=== INFORMATION ===
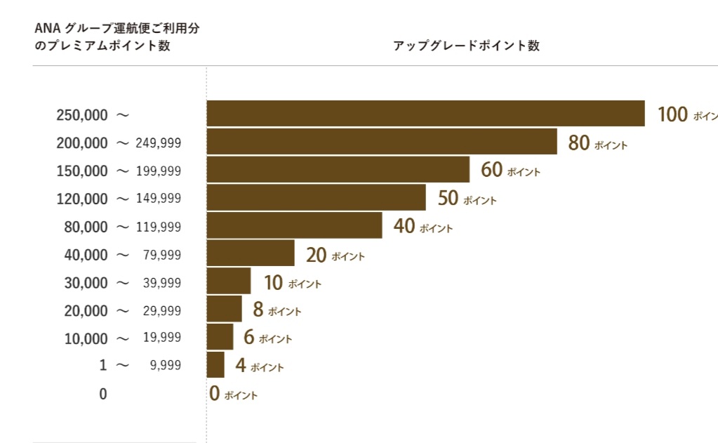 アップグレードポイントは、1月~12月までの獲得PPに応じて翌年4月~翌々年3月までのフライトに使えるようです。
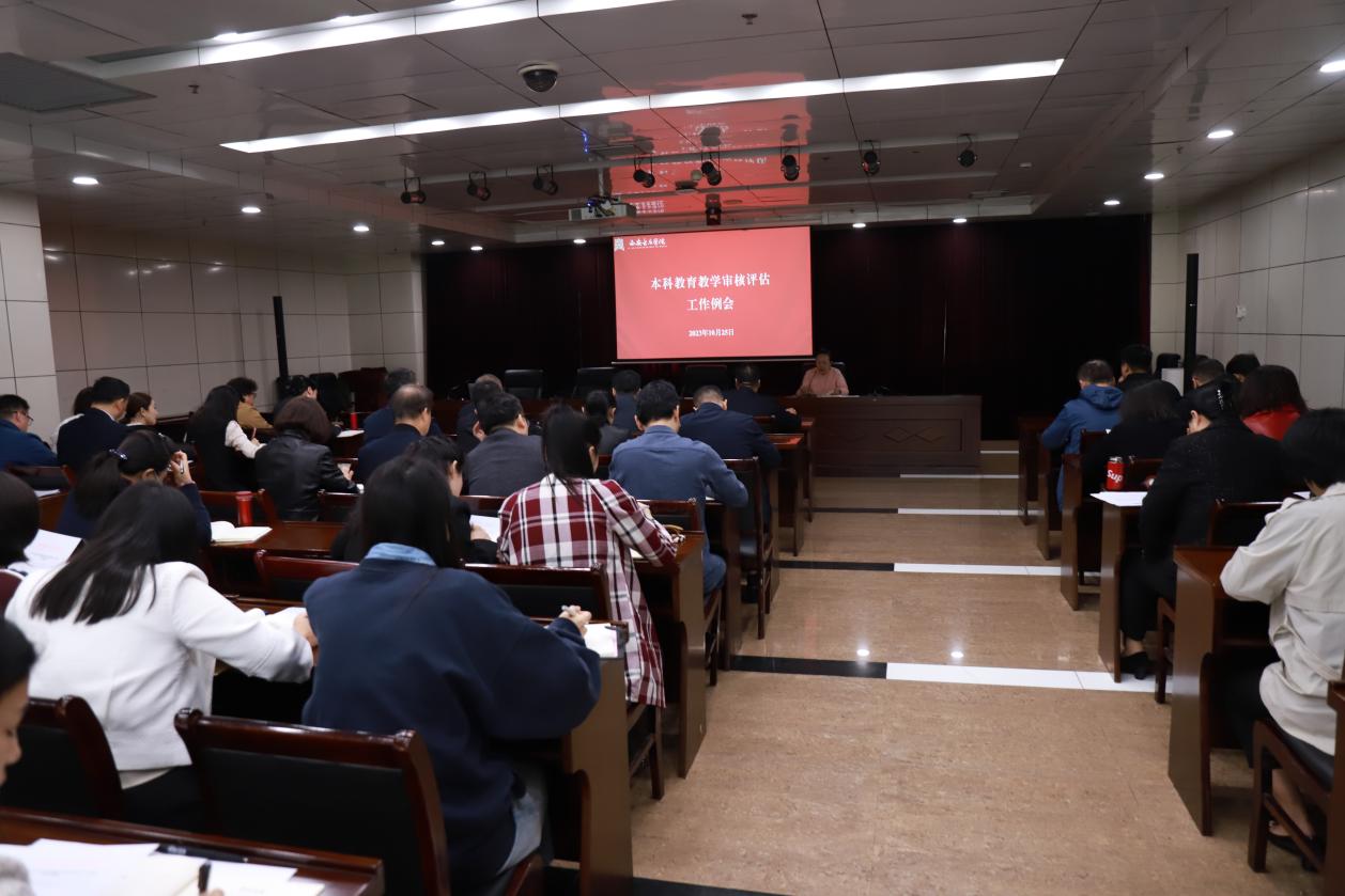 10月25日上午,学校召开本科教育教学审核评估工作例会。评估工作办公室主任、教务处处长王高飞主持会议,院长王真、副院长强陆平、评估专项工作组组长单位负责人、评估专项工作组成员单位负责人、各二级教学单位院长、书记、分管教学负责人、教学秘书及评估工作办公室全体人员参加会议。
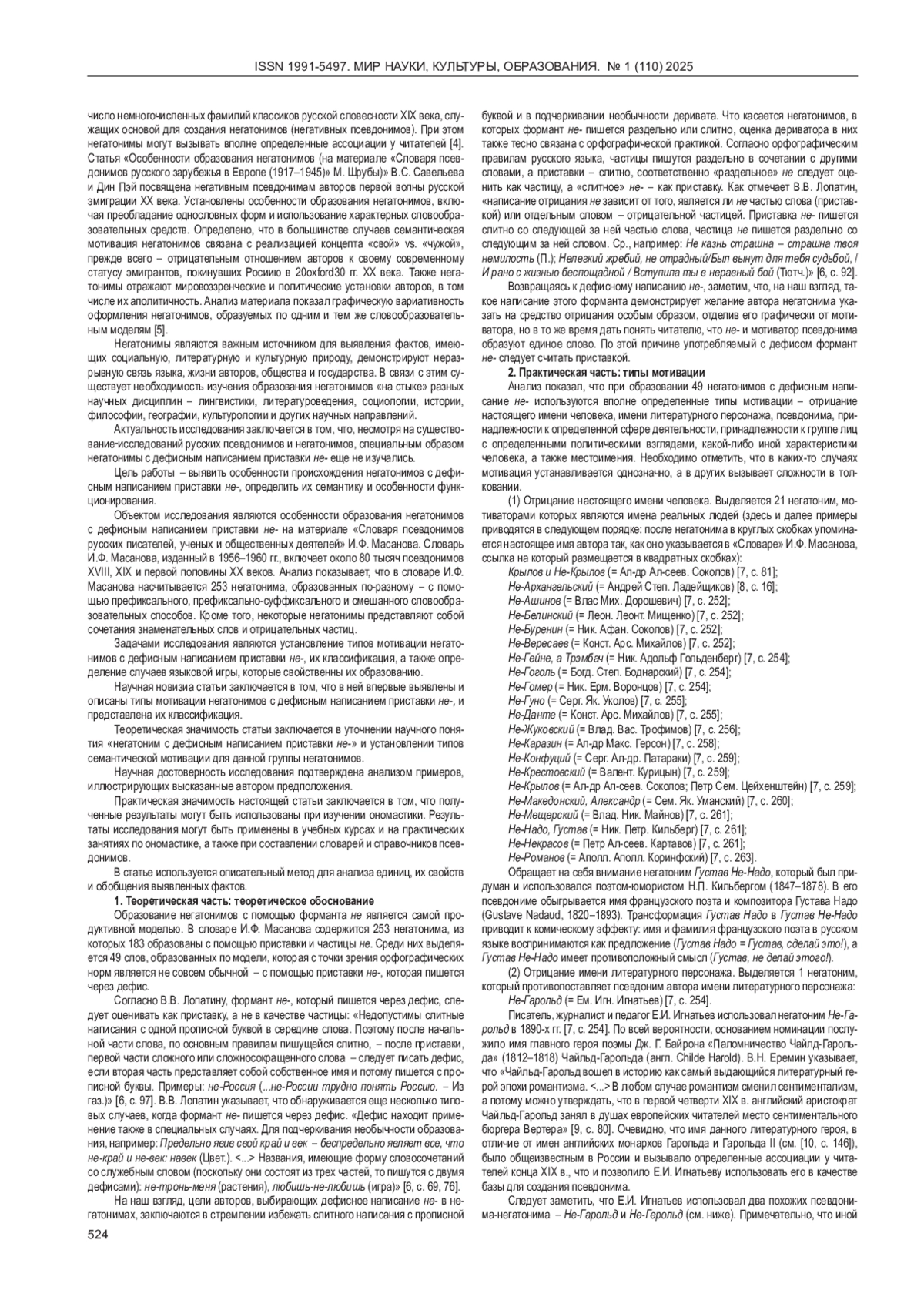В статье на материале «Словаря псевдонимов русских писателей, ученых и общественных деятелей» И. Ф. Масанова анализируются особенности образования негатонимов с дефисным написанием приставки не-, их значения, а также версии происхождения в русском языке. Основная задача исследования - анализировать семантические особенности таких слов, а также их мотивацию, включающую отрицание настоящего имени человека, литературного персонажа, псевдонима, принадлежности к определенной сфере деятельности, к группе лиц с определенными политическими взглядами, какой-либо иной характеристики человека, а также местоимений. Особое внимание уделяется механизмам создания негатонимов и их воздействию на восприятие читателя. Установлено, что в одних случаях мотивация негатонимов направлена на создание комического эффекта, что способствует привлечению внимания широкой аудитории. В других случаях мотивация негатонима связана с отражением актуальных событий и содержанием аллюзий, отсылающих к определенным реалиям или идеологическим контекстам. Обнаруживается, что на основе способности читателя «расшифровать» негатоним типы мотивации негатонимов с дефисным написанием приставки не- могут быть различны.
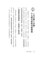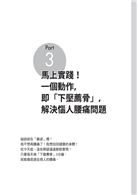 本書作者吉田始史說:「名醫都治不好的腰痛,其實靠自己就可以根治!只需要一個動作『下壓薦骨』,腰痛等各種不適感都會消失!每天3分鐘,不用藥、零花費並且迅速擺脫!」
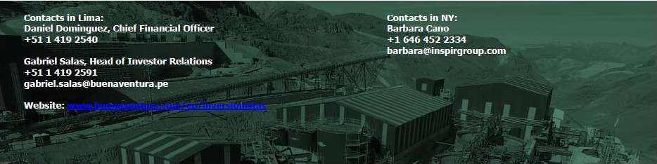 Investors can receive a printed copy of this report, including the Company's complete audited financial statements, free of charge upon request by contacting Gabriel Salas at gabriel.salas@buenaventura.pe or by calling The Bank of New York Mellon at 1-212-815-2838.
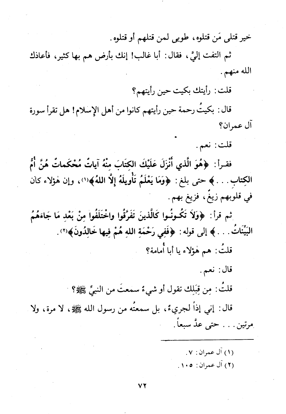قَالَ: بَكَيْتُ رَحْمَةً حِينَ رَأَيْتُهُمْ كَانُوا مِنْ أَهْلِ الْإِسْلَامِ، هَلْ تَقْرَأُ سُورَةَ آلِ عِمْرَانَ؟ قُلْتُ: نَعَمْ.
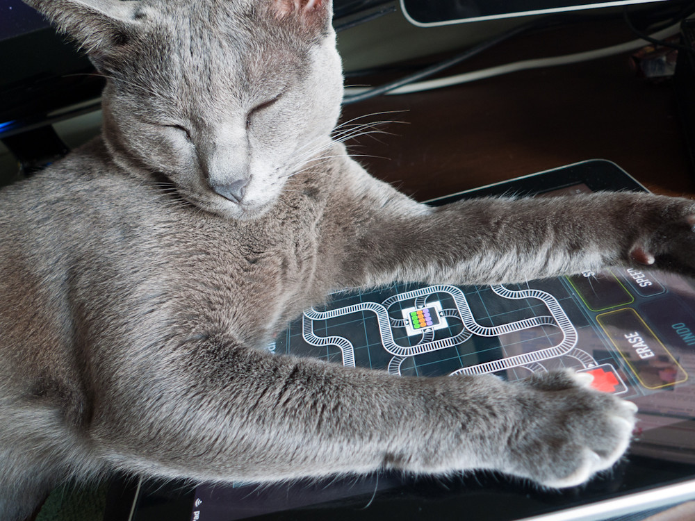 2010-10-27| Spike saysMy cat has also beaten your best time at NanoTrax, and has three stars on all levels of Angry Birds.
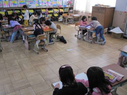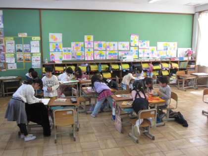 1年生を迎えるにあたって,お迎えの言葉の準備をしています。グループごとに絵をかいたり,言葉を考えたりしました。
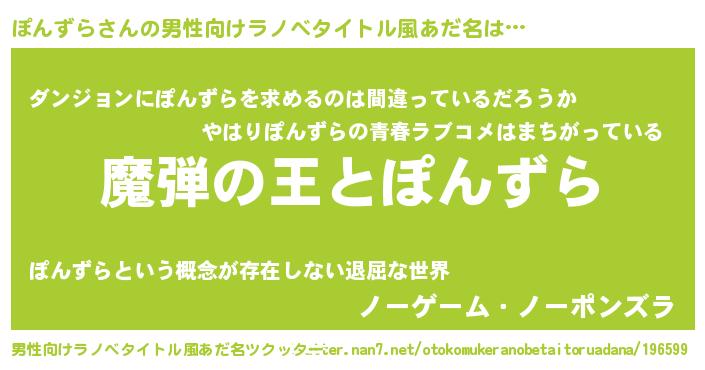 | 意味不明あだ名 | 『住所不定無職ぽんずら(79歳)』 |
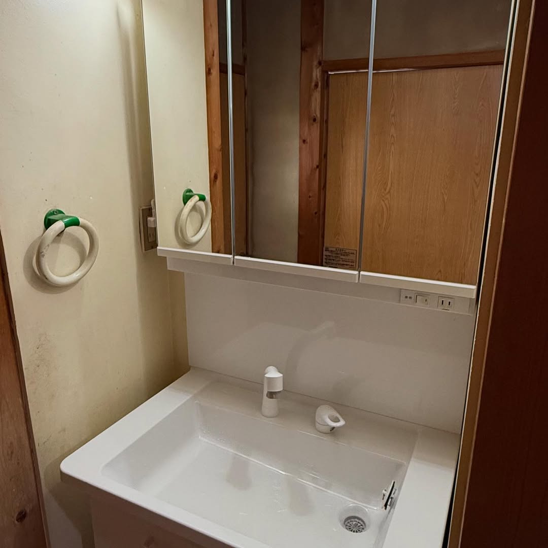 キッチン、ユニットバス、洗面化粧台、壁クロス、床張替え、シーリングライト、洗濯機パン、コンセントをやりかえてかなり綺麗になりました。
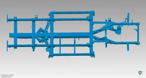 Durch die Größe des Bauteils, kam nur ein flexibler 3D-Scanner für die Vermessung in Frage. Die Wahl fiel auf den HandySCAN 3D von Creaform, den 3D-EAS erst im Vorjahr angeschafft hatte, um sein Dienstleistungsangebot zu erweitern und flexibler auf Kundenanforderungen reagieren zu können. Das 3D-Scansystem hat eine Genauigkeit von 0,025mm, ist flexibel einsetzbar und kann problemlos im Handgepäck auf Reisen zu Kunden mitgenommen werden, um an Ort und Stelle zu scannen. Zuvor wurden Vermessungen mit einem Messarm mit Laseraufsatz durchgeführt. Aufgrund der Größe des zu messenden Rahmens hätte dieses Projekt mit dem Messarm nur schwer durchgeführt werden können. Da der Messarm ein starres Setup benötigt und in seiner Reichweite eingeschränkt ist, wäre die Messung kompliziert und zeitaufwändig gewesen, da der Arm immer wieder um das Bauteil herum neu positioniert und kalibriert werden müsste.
===
*TASK DESCRIPTION*:
An exact copy of every entry, pictures left out, is what to write here.

*SOLUTION TO THE EXERCISE*:
 アップグレードポイントは、1月~12月までの獲得PPに応じて翌年4月~翌々年3月までのフライトに使えるようです。
 10月25日上午,学校召开本科教育教学审核评估工作例会。评估工作办公室主任、教务处处长王高飞主持会议,院长王真、副院长强陆平、评估专项工作组组长单位负责人、评估专项工作组成员单位负责人、各二级教学单位院长、书记、分管教学负责人、教学秘书及评估工作办公室全体人员参加会议。
В статье на материале «Словаря псевдонимов русских писателей, ученых и общественных деятелей» И. Ф. Масанова анализируются особенности образования негатонимов с дефисным написанием приставки не-, их значения, а также версии происхождения в русском языке. Основная задача исследования - анализировать семантические особенности таких слов, а также их мотивацию, включающую отрицание настоящего имени человека, литературного персонажа, псевдонима, принадлежности к определенной сфере деятельности, к группе лиц с определенными политическими взглядами, какой-либо иной характеристики человека, а также местоимений. Особое внимание уделяется механизмам создания негатонимов и их воздействию на восприятие читателя. Установлено, что в одних случаях мотивация негатонимов направлена на создание комического эффекта, что способствует привлечению внимания широкой аудитории. В других случаях мотивация негатонима связана с отражением актуальных событий и содержанием аллюзий, отсылающих к определенным реалиям или идеологическим контекстам. Обнаруживается, что на основе способности читателя «расшифровать» негатоним типы мотивации негатонимов с дефисным написанием приставки не- могут быть различны.
 本書作者吉田始史說:「名醫都治不好的腰痛,其實靠自己就可以根治!只需要一個動作『下壓薦骨』,腰痛等各種不適感都會消失!每天3分鐘,不用藥、零花費並且迅速擺脫!」
 Investors can receive a printed copy of this report, including the Company's complete audited financial statements, free of charge upon request by contacting Gabriel Salas at gabriel.salas@buenaventura.pe or by calling The Bank of New York Mellon at 1-212-815-2838.
قَالَ: بَكَيْتُ رَحْمَةً حِينَ رَأَيْتُهُمْ كَانُوا مِنْ أَهْلِ الْإِسْلَامِ، هَلْ تَقْرَأُ سُورَةَ آلِ عِمْرَانَ؟ قُلْتُ: نَعَمْ.
 2010-10-27| Spike saysMy cat has also beaten your best time at NanoTrax, and has three stars on all levels of Angry Birds.
 1年生を迎えるにあたって,お迎えの言葉の準備をしています。グループごとに絵をかいたり,言葉を考えたりしました。
 | 意味不明あだ名 | 『住所不定無職ぽんずら(79歳)』 |
 キッチン、ユニットバス、洗面化粧台、壁クロス、床張替え、シーリングライト、洗濯機パン、コンセントをやりかえてかなり綺麗になりました。
 Durch die Größe des Bauteils, kam nur ein flexibler 3D-Scanner für die Vermessung in Frage. Die Wahl fiel auf den HandySCAN 3D von Creaform, den 3D-EAS erst im Vorjahr angeschafft hatte, um sein Dienstleistungsangebot zu erweitern und flexibler auf Kundenanforderungen reagieren zu können. Das 3D-Scansystem hat eine Genauigkeit von 0,025mm, ist flexibel einsetzbar und kann problemlos im Handgepäck auf Reisen zu Kunden mitgenommen werden, um an Ort und Stelle zu scannen. Zuvor wurden Vermessungen mit einem Messarm mit Laseraufsatz durchgeführt. Aufgrund der Größe des zu messenden Rahmens hätte dieses Projekt mit dem Messarm nur schwer durchgeführt werden können. Da der Messarm ein starres Setup benötigt und in seiner Reichweite eingeschränkt ist, wäre die Messung kompliziert und zeitaufwändig gewesen, da der Arm immer wieder um das Bauteil herum neu positioniert und kalibriert werden müsste.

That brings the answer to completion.